### TASK TO COMPLETE
What follows is a set of records. Copy them exactly and leave out the images.

───

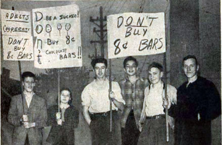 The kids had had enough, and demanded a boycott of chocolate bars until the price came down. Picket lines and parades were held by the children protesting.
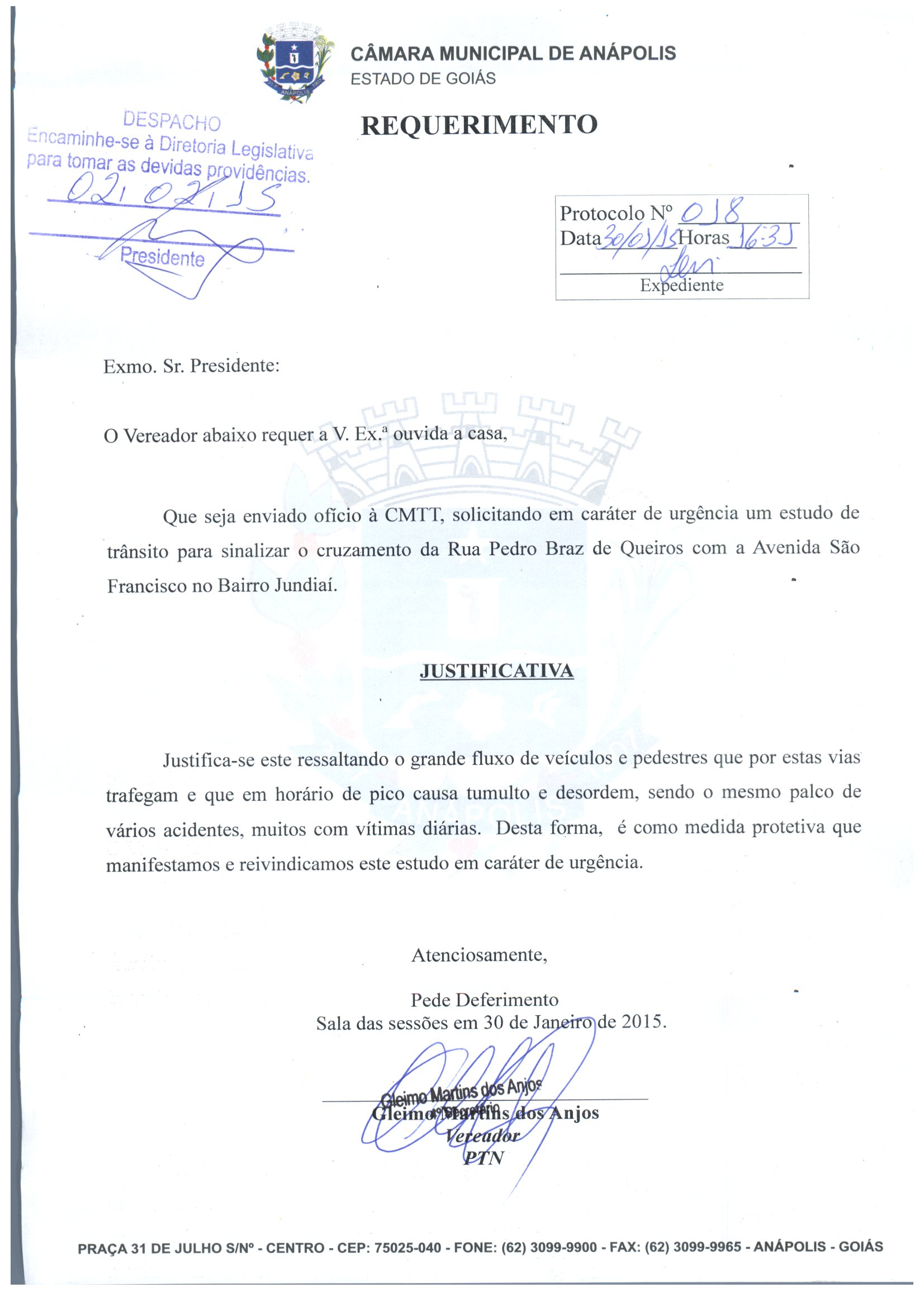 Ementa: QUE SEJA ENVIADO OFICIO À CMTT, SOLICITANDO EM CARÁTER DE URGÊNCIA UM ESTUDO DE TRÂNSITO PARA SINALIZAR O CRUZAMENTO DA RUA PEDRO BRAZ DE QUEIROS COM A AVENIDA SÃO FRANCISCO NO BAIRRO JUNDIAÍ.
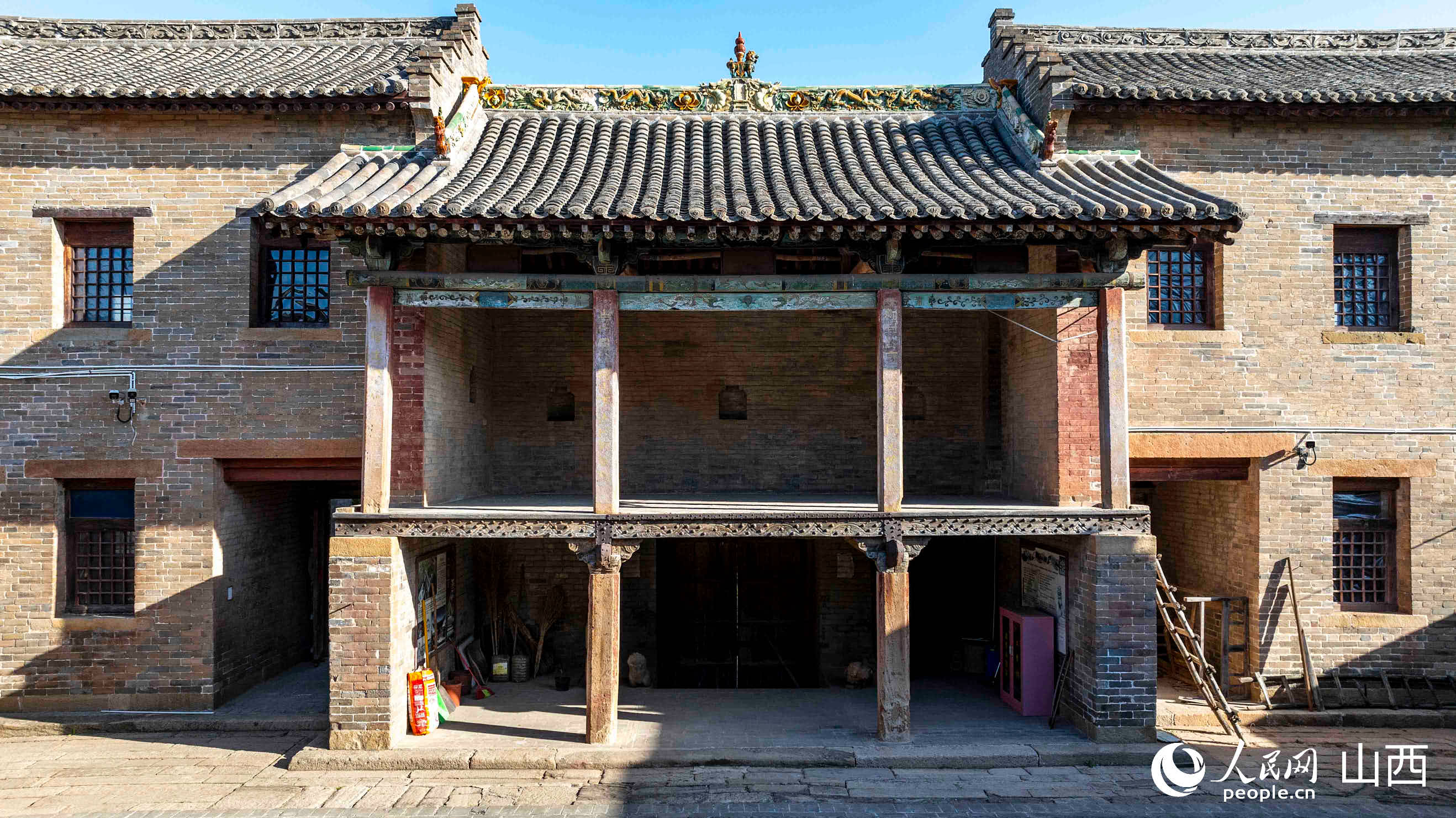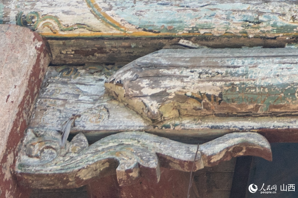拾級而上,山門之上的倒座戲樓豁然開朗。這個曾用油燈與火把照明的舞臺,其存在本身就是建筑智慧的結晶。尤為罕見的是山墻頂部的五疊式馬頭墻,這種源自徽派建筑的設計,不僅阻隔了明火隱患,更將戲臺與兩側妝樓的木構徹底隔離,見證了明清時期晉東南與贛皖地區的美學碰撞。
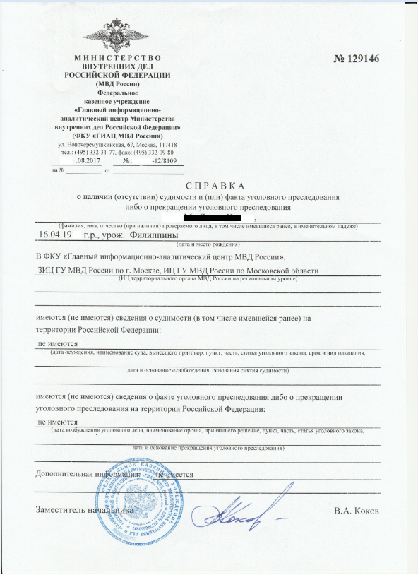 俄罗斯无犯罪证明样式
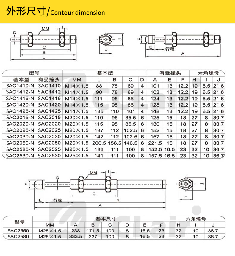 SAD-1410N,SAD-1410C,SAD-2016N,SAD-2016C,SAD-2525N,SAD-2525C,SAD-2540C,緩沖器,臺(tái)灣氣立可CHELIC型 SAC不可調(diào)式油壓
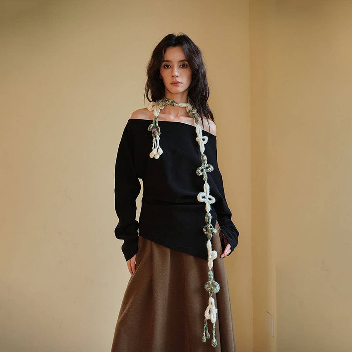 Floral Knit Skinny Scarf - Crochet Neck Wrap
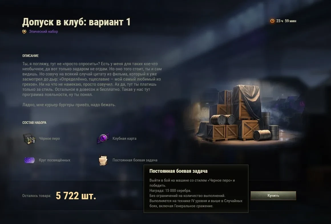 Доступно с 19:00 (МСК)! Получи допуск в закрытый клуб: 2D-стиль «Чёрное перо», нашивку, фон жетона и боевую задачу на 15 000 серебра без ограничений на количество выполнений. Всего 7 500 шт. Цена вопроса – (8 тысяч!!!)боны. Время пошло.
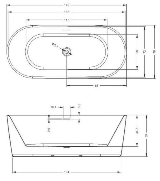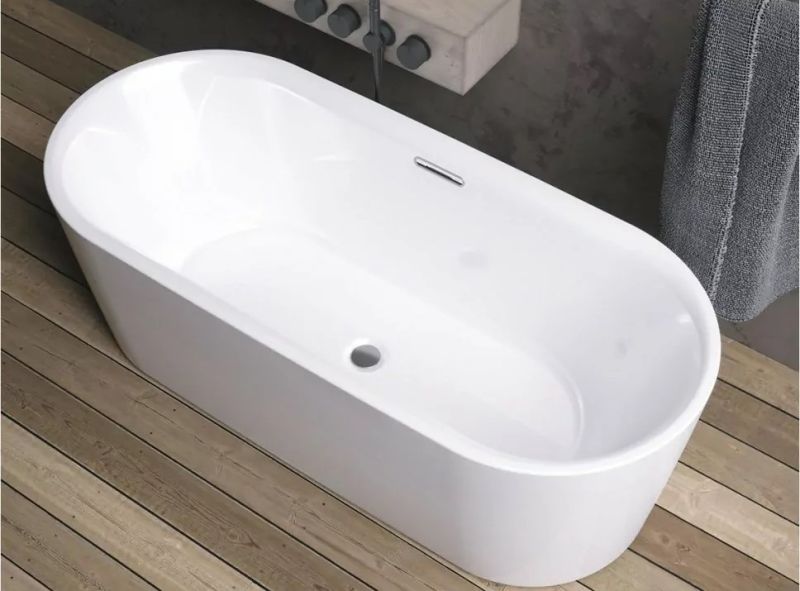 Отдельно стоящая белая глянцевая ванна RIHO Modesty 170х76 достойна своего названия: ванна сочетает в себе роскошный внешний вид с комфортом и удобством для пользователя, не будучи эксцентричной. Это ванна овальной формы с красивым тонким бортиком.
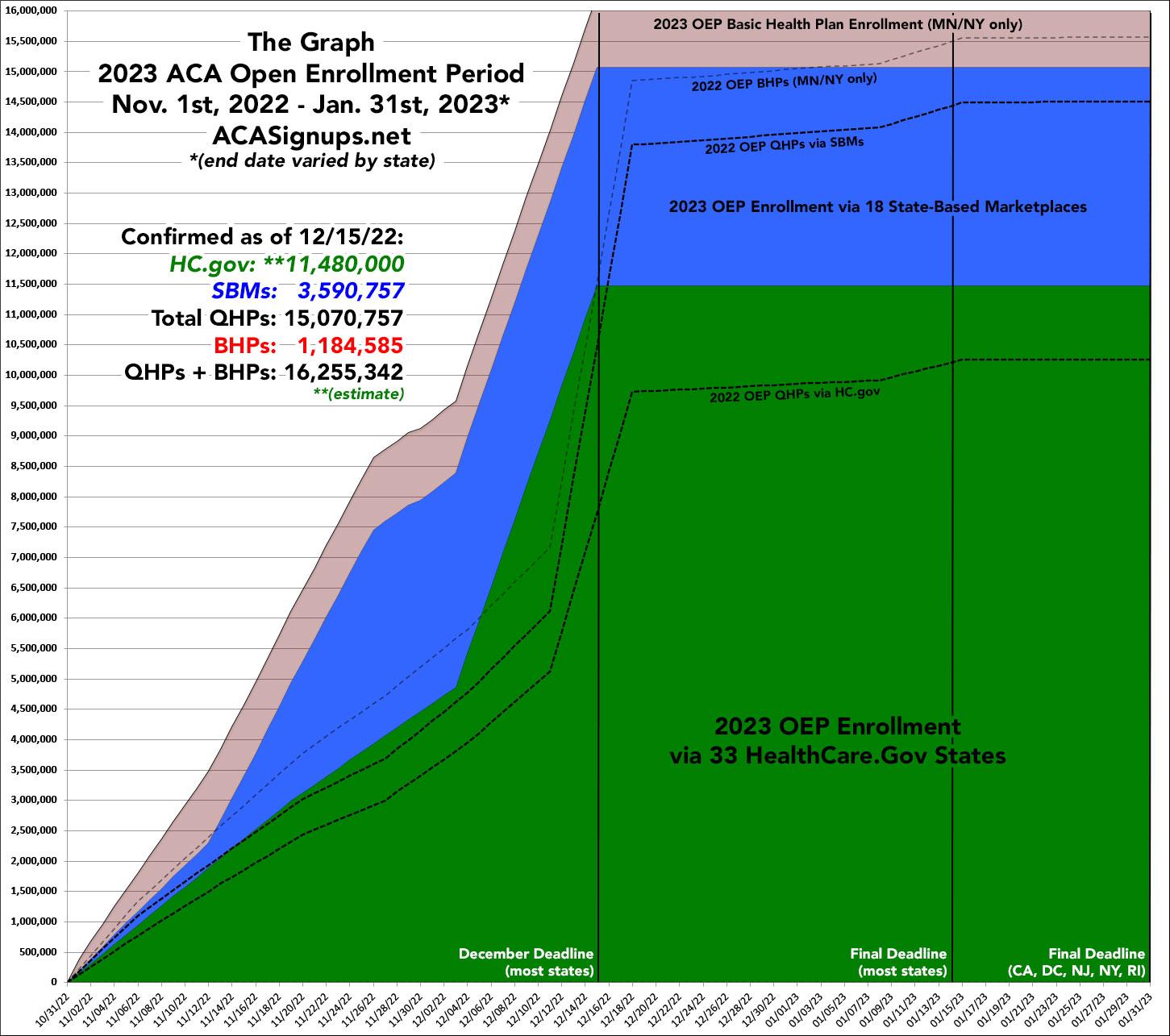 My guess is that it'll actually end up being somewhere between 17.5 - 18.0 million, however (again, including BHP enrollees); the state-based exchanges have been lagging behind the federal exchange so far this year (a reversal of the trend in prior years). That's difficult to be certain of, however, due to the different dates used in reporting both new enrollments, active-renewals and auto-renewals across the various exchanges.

───

### REPLY
 The kids had had enough, and demanded a boycott of chocolate bars until the price came down. Picket lines and parades were held by the children protesting.
 Ementa: QUE SEJA ENVIADO OFICIO À CMTT, SOLICITANDO EM CARÁTER DE URGÊNCIA UM ESTUDO DE TRÂNSITO PARA SINALIZAR O CRUZAMENTO DA RUA PEDRO BRAZ DE QUEIROS COM A AVENIDA SÃO FRANCISCO NO BAIRRO JUNDIAÍ.
拾級而上,山門之上的倒座戲樓豁然開朗。這個曾用油燈與火把照明的舞臺,其存在本身就是建筑智慧的結晶。尤為罕見的是山墻頂部的五疊式馬頭墻,這種源自徽派建筑的設計,不僅阻隔了明火隱患,更將戲臺與兩側妝樓的木構徹底隔離,見證了明清時期晉東南與贛皖地區的美學碰撞。
 俄罗斯无犯罪证明样式
 SAD-1410N,SAD-1410C,SAD-2016N,SAD-2016C,SAD-2525N,SAD-2525C,SAD-2540C,緩沖器,臺(tái)灣氣立可CHELIC型 SAC不可調(diào)式油壓
 Floral Knit Skinny Scarf - Crochet Neck Wrap
 Доступно с 19:00 (МСК)! Получи допуск в закрытый клуб: 2D-стиль «Чёрное перо», нашивку, фон жетона и боевую задачу на 15 000 серебра без ограничений на количество выполнений. Всего 7 500 шт. Цена вопроса – (8 тысяч!!!)боны. Время пошло.
 Отдельно стоящая белая глянцевая ванна RIHO Modesty 170х76 достойна своего названия: ванна сочетает в себе роскошный внешний вид с комфортом и удобством для пользователя, не будучи эксцентричной. Это ванна овальной формы с красивым тонким бортиком.
 My guess is that it'll actually end up being somewhere between 17.5 - 18.0 million, however (again, including BHP enrollees); the state-based exchanges have been lagging behind the federal exchange so far this year (a reversal of the trend in prior years). That's difficult to be certain of, however, due to the different dates used in reporting both new enrollments, active-renewals and auto-renewals across the various exchanges.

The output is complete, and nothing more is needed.